Burneside railway station is in Burneside, Cumbria, England. The station is situated on the Windermere Branch Line from Oxenholme to Windermere. To the east of the station can be found the only two semaphore signals on the line guarding the manually operated road crossing. The station is owned by Network Rail and is operated by Northern who provide all passenger train services.

History

The station opened on 20 April 1847 as part of the Kendal and Windermere Railway. From 1880 to 1972 the station had a connection to the Burneside Paper Mills Tramway.
This line was subsequently acquired by the London and North Western Railway, and became part of the London, Midland and Scottish Railway at the 1923 Grouping. The station is reached via a short approach road from the centre of Burneside village. The two original platforms were staggered, with the up platform located on the Windermere side of the access crossing, and the down platform located on the Kendal side. Designed and operated as a busy mainline double track railway, through trains operated between Windermere and a variety of destinations, including London. Burneside station had goods sidings and a goods yard for freight services.
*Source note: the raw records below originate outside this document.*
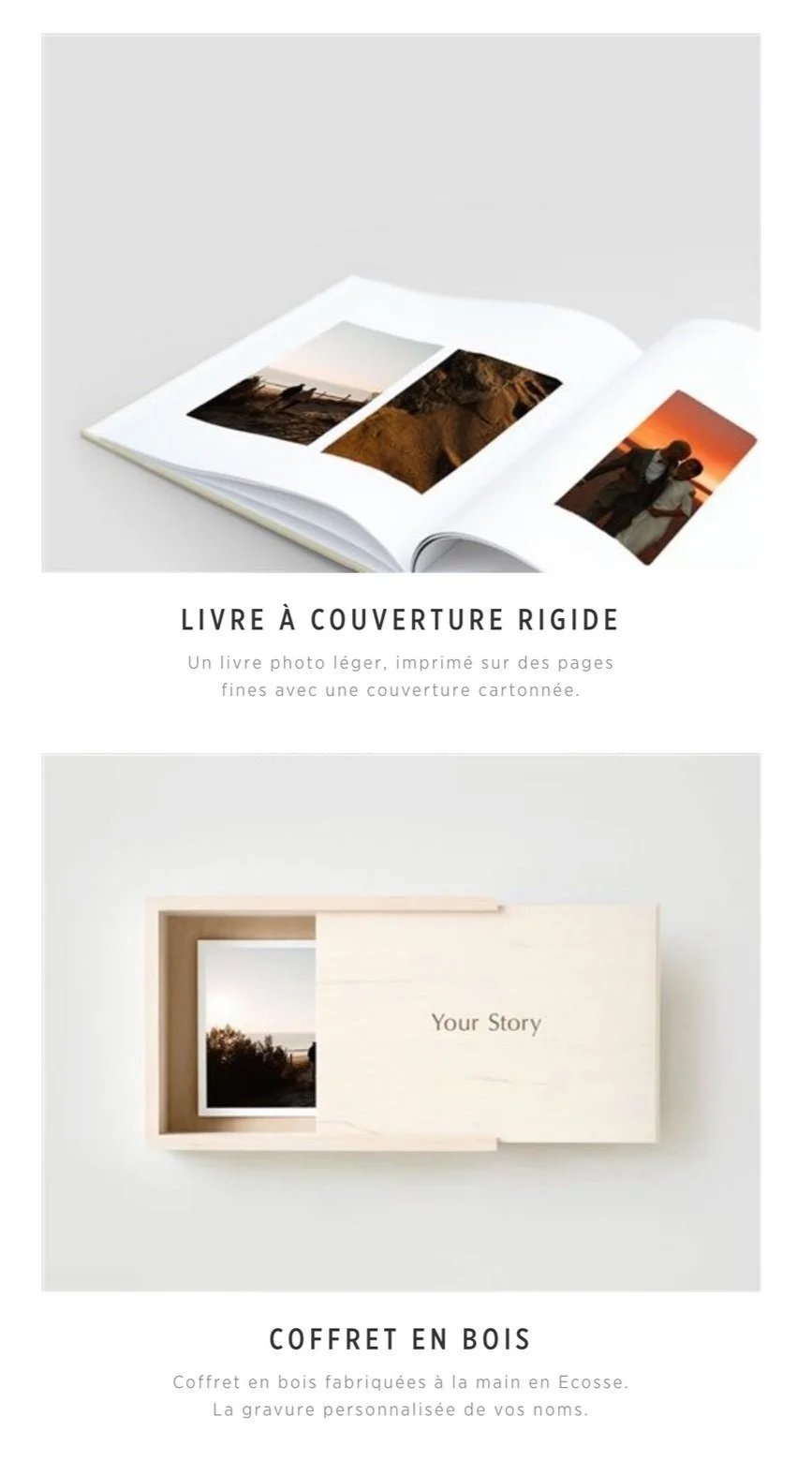Retrouvez également sur votre boutique d’impressions un large choix d’albums à couverture rigide, tirage 10x15 en lot et grand format, cadre photo en bois, carte de remerciement et bien plus encore …
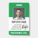 White and Green Accents - A basic business design that highlights your office logos and employee name. This traditional office design also includes a badge ID number, expiration date and nurse or or other title.
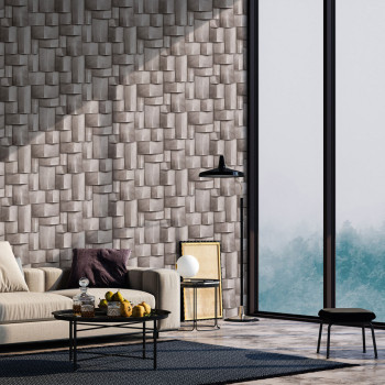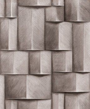Wallpaper with a vinyl surface, fine texture, graphic pattern with shading creating a 3D effect in brown and grey-brown tones.
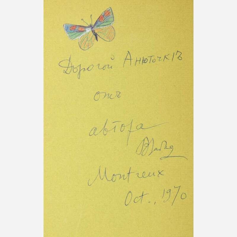 London: Weidenfeld and Nicolson, (1969). First English edition. 8vo. (xiv), 589 pp. Presentation copy, signed and inscribed with a butterfly drawing to Vera Nabokov's close cousin, Anya Feigin, dated October, 1970. Original red cloth, stamped in gilt; in original unclipped olive green dust-jacket. Nabokov, an accomplished lepidopterist, only included butterfly drawings in books inscribed to those especially important to him. The closer the connection, the more elaborate the drawing. Field 0885.
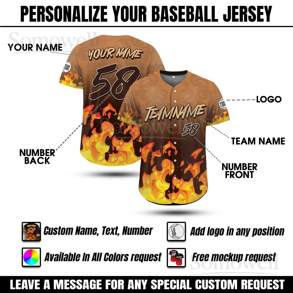 Custom Name Flame Baseball Jersey Personalized Hot Fire Design Streetwear Uniform For Adults Kids Multi Color Edition
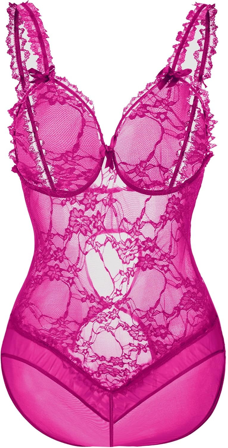 Women Sexy Lingerie Nightwear - One-Piece Bodysuit Nightie Plus Size, Black
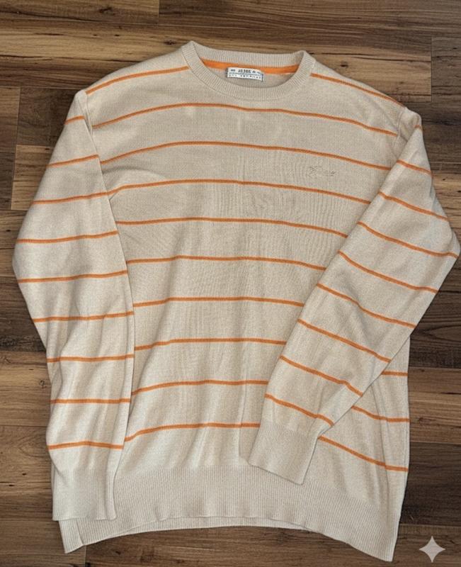 Светр тілесного кольору з помаранчевими смужками. Розмір універсальний, підходить як і S так і M-XL Приємний до тіла. З нюансів тільки невеликий шов сзаду, але він не помітний

Freight services were ended on the line in 1972, and the gradual reduction in passenger services culminated in 1973 when the line was reconfigured as a single-track railway, resulting in the closure of the former down platform. All trains, in both directions, have used the original up platform since 1973.

Services

There is an hourly service to Windermere, and return to Oxenholme. A small number of services continue to Preston and Manchester. The station has been refurbished, and has a small waiting shelter, as well as other limited passenger facilities such as benches and electronic train information.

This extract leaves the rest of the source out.